FIG. 1A and FIG. 1B are schematic views illustrating an OCC apparatus according to the first embodiment of the application.

FIG. 2 is a schematic view illustrating an OCC apparatus according to the second embodiment of the application.

FIG. 3 is a schematic view illustrating an OCC apparatus according to the third embodiment of the application.

FIG. 4 is a schematic view illustrating an OCC apparatus according to the fourth embodiment of the application.

FIG. 5 is a schematic view illustrating an OCC apparatus according to the fifth embodiment of the application.

DESCRIPTION OF EMBODIMENTS

First Embodiment

FIG. 1A and FIG. 1B are schematic views illustrating an OCC apparatus according to the first embodiment of the application. Referring to FIG. 1A and FIG. 1B, the OCC apparatus 100 of this embodiment is suitable for inspecting optical characteristics of a flexible display D. For example, the optical characteristics of a flexible display D include transmittance, reflectivity, brightness, spectrum, color and other optical information. In this embodiment, the flexible display D includes a plasma display panels (PDP), a liquid crystal displays (LCD), an organic electro-luminescence displays (OEL displays), an electronic-ink displays and so on. Certainly, other types of flexible displays can also be used in this application. It is noted that a part of the flexible display D may be bended and form a curved surface.

As shown in FIG. 1A and FIG. 1B, the OCC apparatus 100 of this embodiment includes an adjustable stage 110, an image capturing device 120, and two first collimated light sources 130a and 130b. The adjustable stage 110 is suitable for carrying the flexible display D. The image capturing device 120 is disposed above the adjustable stage 110, and an intersection of a receiving optical axis 120a of the image capturing device 120 and the curved surface of the flexible display D is an intersection point I. The two first collimated light sources 130a, 130b project two first dot-patterns P1, P1′ onto the intersection point I along two first optical paths A1, A1′having identical length but different extending directions. An included angle between each of the two first optical paths A1, A1′ and the receiving optical axis 120a is an acute angle α. The two first optical paths A1, A1′ and the receiving optical axis 120a are located in a first virtual plane. In this embodiment, the above-mentioned first virtual plane is parallel with X-Z plane.

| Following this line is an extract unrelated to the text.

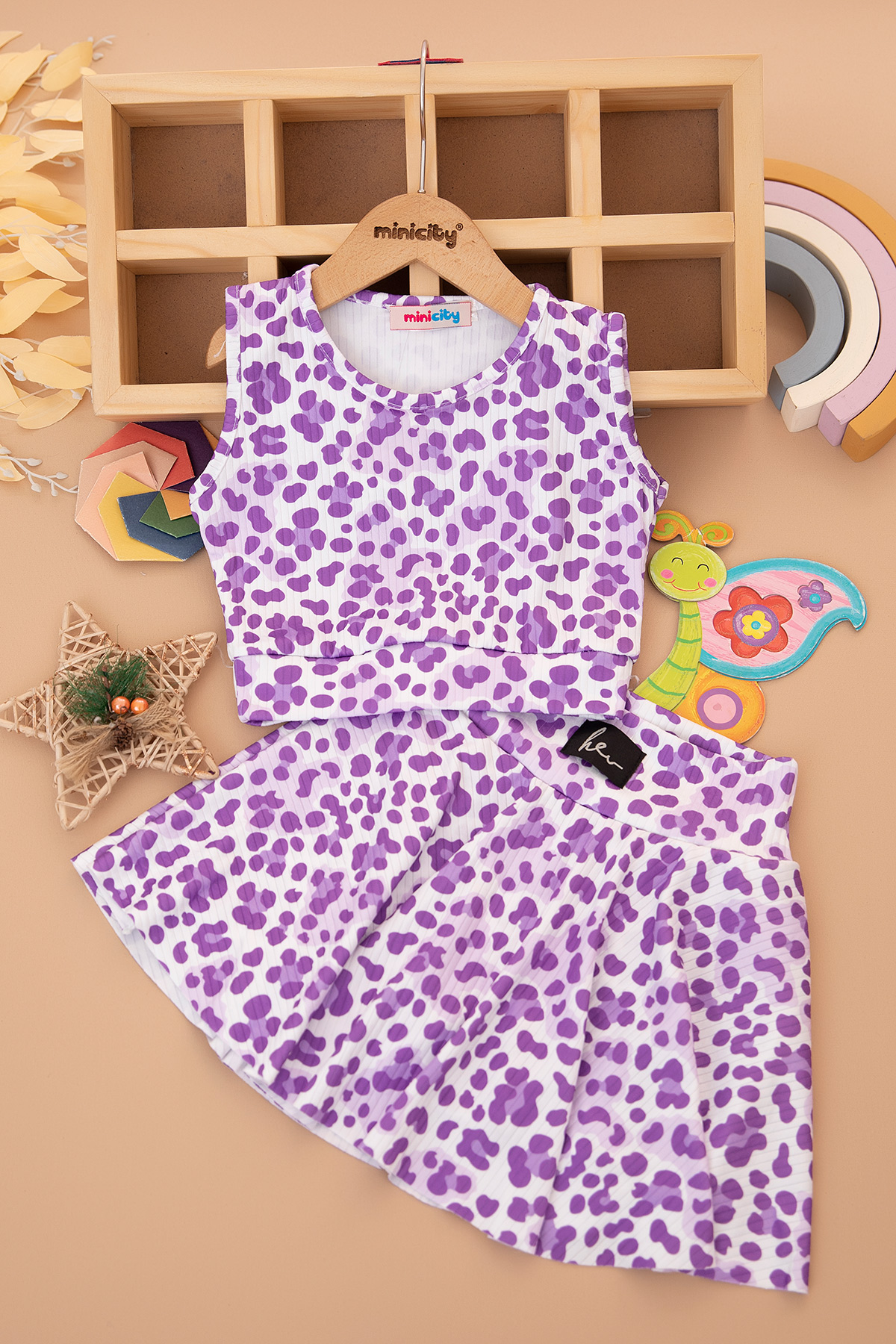 Kız Çocuk Baskılı Crop Badi Şort Etek Takım - 2775B (3-14 Yaş)

In this embodiment, the adjustable stage 110 includes a stage 112 and a controller 114, wherein the stage 112 is suitable for carrying the flexible display D, and the controller 114 is electrically connected to the image capturing device 120 and the stage 112. The controller 114 controls the movement of the stage 112 until the two first dot-patterns P1′, P1′ projected onto the intersection point I and captured by the image capturing device 120 are substantially identical. In addition, the stage 112 is, for example, a six-axes rotatable stage. In this embodiment, through the driving of the controller 114, the stage 112 is capable of adjusting the normal direction N of the intersection point I of the flexible display D. Generally, the normal direction N of the intersection point I of the flexible display D is located in the first virtual plane that is parallel with X-Z plane. In other words, the normal direction N, the two first optical paths A1, A1′ and the receiving optical axis 120a are located in the above-mentioned first virtual plane.

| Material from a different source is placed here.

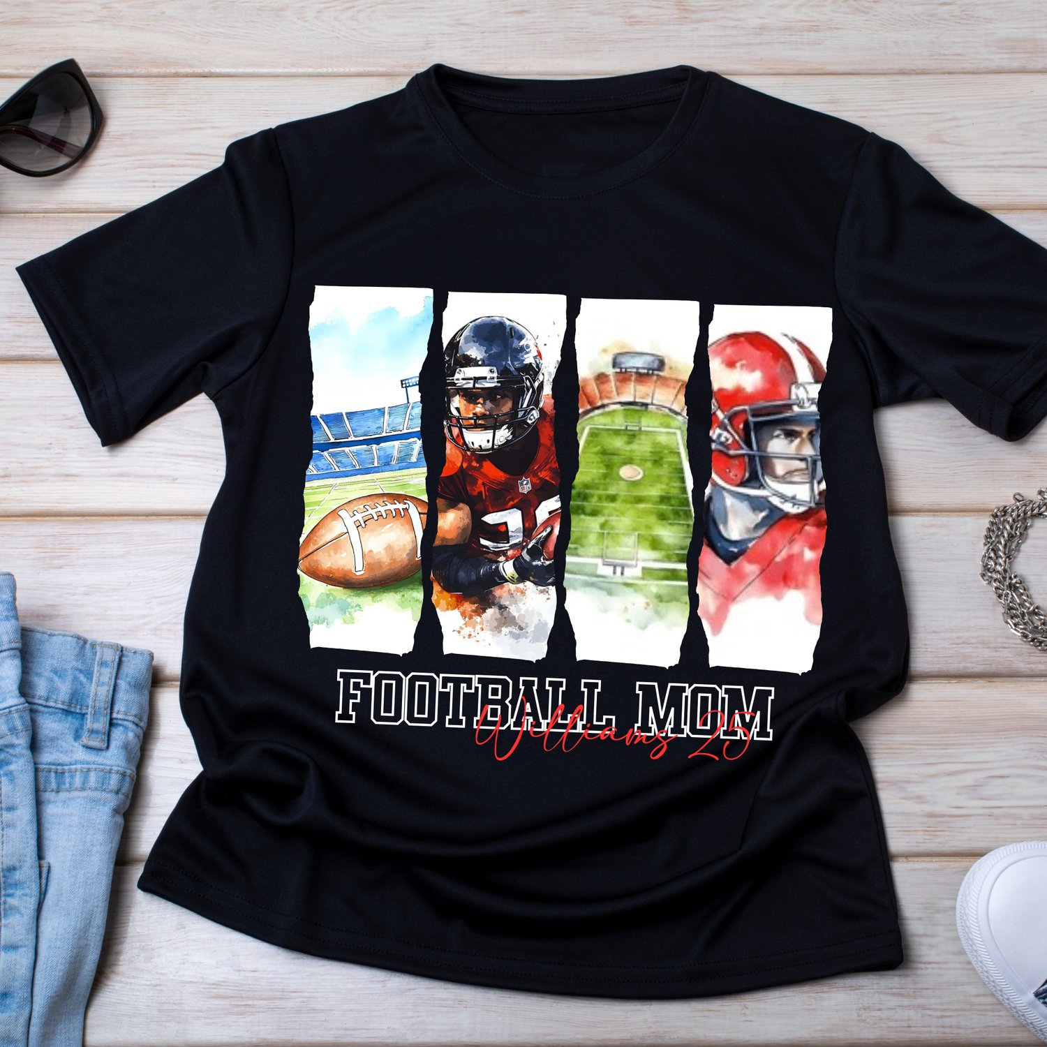 Football Mom Shirt Design | Editable Canva Template | Game Day Spirit Wear | Custom Jersey Number & Name | DIY Printable T-Shirt Graphic

The image capturing device 120 includes a photo-sensor 122 and a lens 124, wherein the lens 124 is between the photo-sensor 122 and the adjustable stage 110, and the receiving optical axis 120a of the image capturing device 120 is defined by the lens 124.

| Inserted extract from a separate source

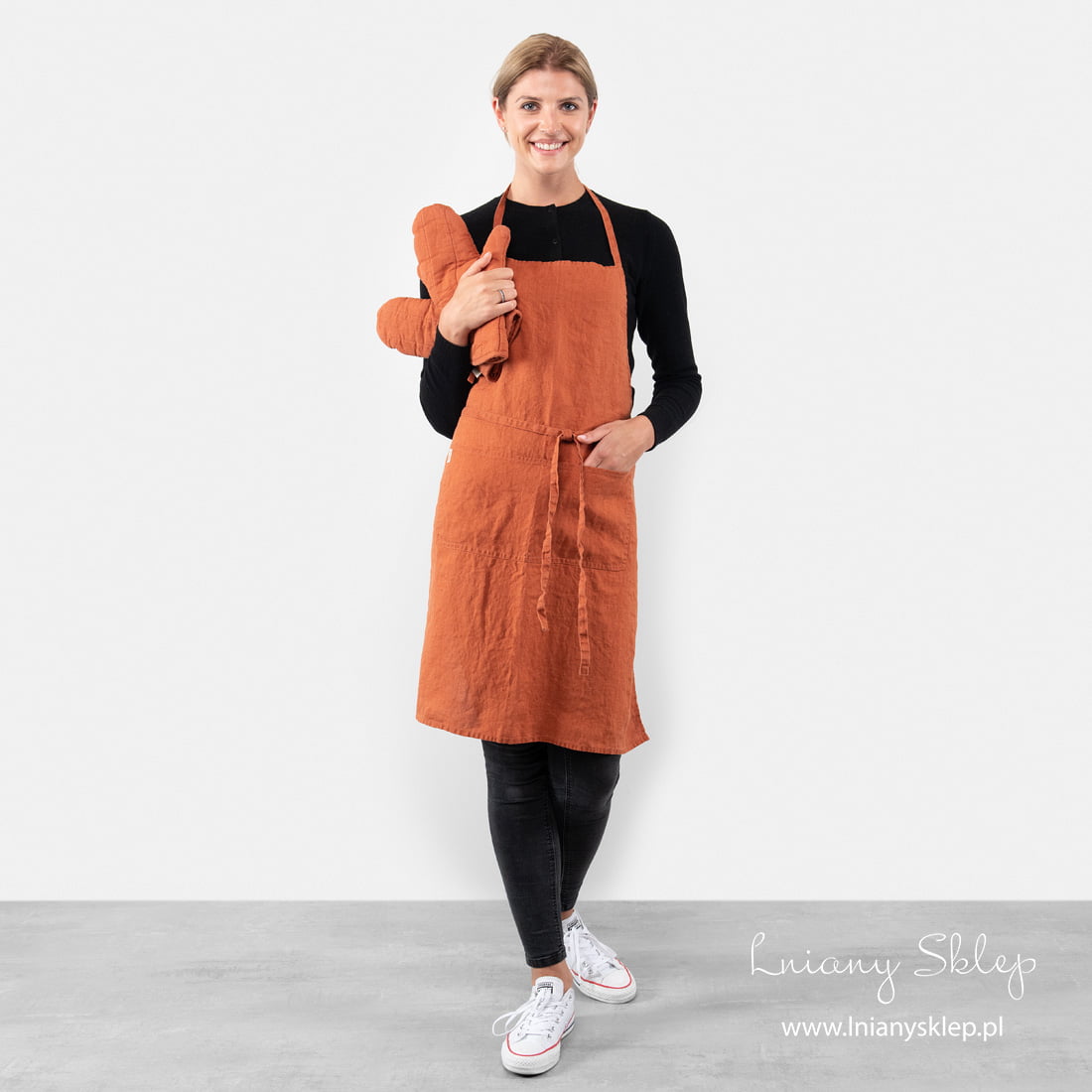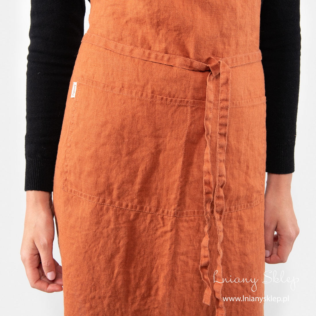 Lniany pomarańczowy fartuch kuchenny. Z przodu wyposażony w dużą, przedzieloną po środku szwem kieszeń. Szelka na szyi nie jest regulawana. Długie paski w talii można wiązać z przodu lub z tyłu. Uszyty z miękkiej, pranej tkaniny lnianej o lekko gniecionej fakturze nie wymaga prasowania. Sympatyczny i praktyczny fartuch z naturalnego lnu zawsze przyda się w kuchni.

In this embodiment, the major function of the two first collimated light sources 130a, 130b is to assist in positioning of the flexible display D, such that the normal direction N of the intersection point I of the flexible display D can coincide with the receiving optical axis 120a of the image capturing device 120 rapidly. Specifically, each of the two first collimated light sources 130a, 130b is, for example, a visible light source with collimating lens or a pin-hole laser.

In this embodiment, the normal direction N of the intersection point I of the flexible display D is adjusted by the adjustable stage 110 to coincide with the receiving optical axis 120a of the image capturing device 120. During the adjustment, the two first dot-patterns P1, P1′ are always captured by the image capturing device 120 until the two first dot-patterns P1, P1′ captured by the image capturing device 120 are substantially identical (as shown in FIG. 1A).

Since the two first collimated light sources 130a, 130b are symmetrically disposed at two opposite sides of the receiving optical axis 120a, the two first dot-patterns P1, P1′ captured by the image capturing device 120 are different from one another when the normal direction N of the intersection point I of the flexible display D does not coincide with the receiving optical axis 120a of the image capturing device 120 (as shown in FIG. 1B). For instance, both of the two first dot-patterns P1, P1′ projected onto the intersection point I are oval-shaped. The major axis of the first dot-pattern P1 is longer than the major axis of the first dot-pattern P1′. In this embodiment, the two first dot-patterns P1, P1′ are circles, rectangles, polygons or other shapes. One ordinary skilled in the art may modify shape and size of the two first dot-patterns P1, P1′ based on design requirements.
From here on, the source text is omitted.